Entrepreneurs don’t work this way.  They have an idea.  And want to act.  They hate waiting.  Time is money.  They hate bureaucracy.  Because time is money.  And they have an easier way to determine what the best solution is.  Sales.  Those who have the greatest sales have the best solution.  Because thus speaks the market.  So they keep thinking.  Keep creating.  Keep coming up with good ideas.  They see what the market is demanding.  Or what it will demand.  Once they show that market the wonderful new thing they’ve created.  Sales proved the Sony Walkman a success.  And sales proved the Apple iPod a success.  Why?  Because Sony and Apple are a couple of companies that like to think outside the box.  And create things people aren’t even demanding yet.  And you gotta admit that that’s some pretty damn good thinking.

Politicians Fear what’s Outside the Box

Politicians, on the other hand, fear what’s outside the box.  They want to stay inside the box.  They like it there.  It’s snug.  Familiar.  Dark.  Orderly.  No surprises.  No new things to have to think about.  Or worry about.  Like all that uncertainty in an uncontrolled free market.  Yeech.  They don’t like that.  Or understand it. For when it comes to the economy, these progressives are ‘conservative’.  They want to build on the governmental bureaucracy of the past.  The bureaucracy they know.  And love.  It may not have worked.  But so what?  It’s just so cozy.  And makes a [deleted expletive]-load of federal jobs.

Of course, this expanding bureaucracy doesn’t give us anything new.  Anything innovative.  Anything that we’re yearning for.  Or anything we will yearn for once we learn about that next great thing.  Because they don’t create anything.  Other than obstacles to those who do.  Once someone comes up with an idea, though, they’ll then want to take that idea and over think it.  Manage it.  Regulate it.  Tax it.  Because an entrepreneur may come up with a great idea.  But a politician knows best how to use that idea.  Or so they believe.

Of course, when you think of the great inventions, you never think of a politician.  To prove this, tell me who you think of when I mention some famous inventions.  The telephone?  (Alexander Graham Bell).  AC power distribution?  (Nikola Tesla).  An affordable automobile?  (Henry Ford).  The light bulb?  (Thomas Edison).  An efficient steam engine?  (James Watt).  Notice anything about all of these inventors?  That’s right.  They don’t have a ‘Senator’ or ‘Congress Person’ in front of their name.  But Senators and Congress people have been regulating and taxing these great inventions ever since.

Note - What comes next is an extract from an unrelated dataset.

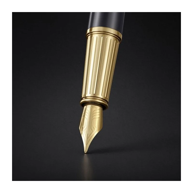 Εξοπλισμένη με χειροποίητη μύτη από μασίφ χρυσό 18Κ (Medium), προσφέρει μια απαράμιλλη εμπειρία γραφής, συνδυάζοντας την κλασική κληρονομιά της Parker με τη σύγχρονη, επαγγελματική αισθητική.

Can’t see the Nude Woman on the Bed

An entrepreneur, like an engineer, doesn’t get lost in the theoretical.  They see possibilities.  And they act.  Politicians, like mathematicians, like to crunch numbers.  Prove things can’t be done.  And then call for blue ribbon panels or commissions to further analyze things.  Entrepreneurs are positive, can-do people.  While politicians are negative, can’t-do people.  They can’t see the forest for the trees.  Or the nude woman on the bed.

Politicians can’t not interfere with people.  An entrepreneur can’t stand being interfered with.  He or she is too busy creating stuff.  They’re not sitting around waiting for something to happen.  They’re leading the way.  While the politicians are nipping at their heels.  Trying to catch up with them.  Just so they can slow them down.

Our future is like the nude woman on the bed.  The entrepreneurs know how to get to her.  And will.  If left alone to do what they do best.  To think.  And create great things.  Make the world a better place.  But the politicians haven’t a clue.  They covet the nude woman.  But they can’t get to her.  Because she’s somewhere outside the box.  Smart.  Complex.  Something new.  Waiting to be discovered.  And when her riddle is solved, it won’t be a politician smoking a cigarette in bed with her.  It’ll be an entrepreneur.